Thursday, April 4, 2013

Don't get comfortable.

Wow, it really has been a long time since I last wrote! Life has been a whirlwind. Sorry about the lack of updates; as a quick rundown, I have finished my time in Potosi and am now living in La Paz for the remainder of my time with the Ramirez family. The mom, Erica, is a physical therapist and has a consulting office in the city along with a speech therapist. Hugo, the dad, works with the mission office. I also have 2 brothers - Jose (15) and Pablo (17). They are wonderful and hilarious and it's fantastic to have siblings again. In general I'm just so happy to have a family! Erica and I have tons of fun being the only girls in the house, and she greatly appreciates having a cooking and shopping partner, as do I =) The two of us are plotting to find a complete and utter chick flick and take over the action-movie-overloaded television for a night. Phase 1: fight valiantly for the remote.

The end of my time in Potosi was filled with good times with good friends and bittersweet goodbyes. I already miss the CEMFY crew, and I am so grateful for the time I had there and the things I learned, much of which is still slowly coming into focus. Sometimes it's hard to put words to things learned while they're being lived, but I know that during the rest of my time, and especially after I return to the States, the things that have been impressed upon my heart will become clearer and clearer.

The first thing I noticed during this first week back in La Paz, after the joy, was a sudden lack of hunger for the presence and Word of God. I hadn't even thought about the possibility that when suddenly placed into a situation in which I was much, much more comfortable and supported, I would lose the sense of dependence on Jesus that I had in Potosi. But that's exactly what's been happening. The Lord blessed me with a difficult and stretching 6 weeks, during which I experienced the precious gift of feeling in my heart of hearts my moment-by-moment reliance on Him. But how fickle our hearts, that when presented with beautiful gifts of the Father, we so often forget the Giver and become intoxicated with the gift, which was never meant to satisfy completely.

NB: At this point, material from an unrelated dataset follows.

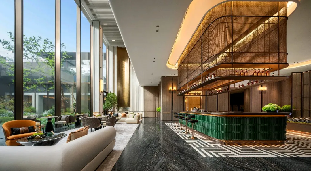 建面约4000㎡的One会馆说是义乌名流场也毫不为过。会馆内配置有开放式酒廊、蓝宝石泳池、国宾私宴厅、下沉式庭院等高定生活空间,这里不仅可供业主休闲放松,更是圈层社交秀场。

So that is my one major prayer request at the moment: that these last 5 weeks here in Bolivia would continue to be filled with new glimpses of the Savior, and that my eyes would be open in this new phase of my journey to the things that He has to teach me.

I love you all; may the love of the Father overwhelm your hearts this week.

In Him,
Catherine

1 comment:

  1. Challenging, true, and beautifully written. I'll be reflecting on this all week. Glad you're still writing!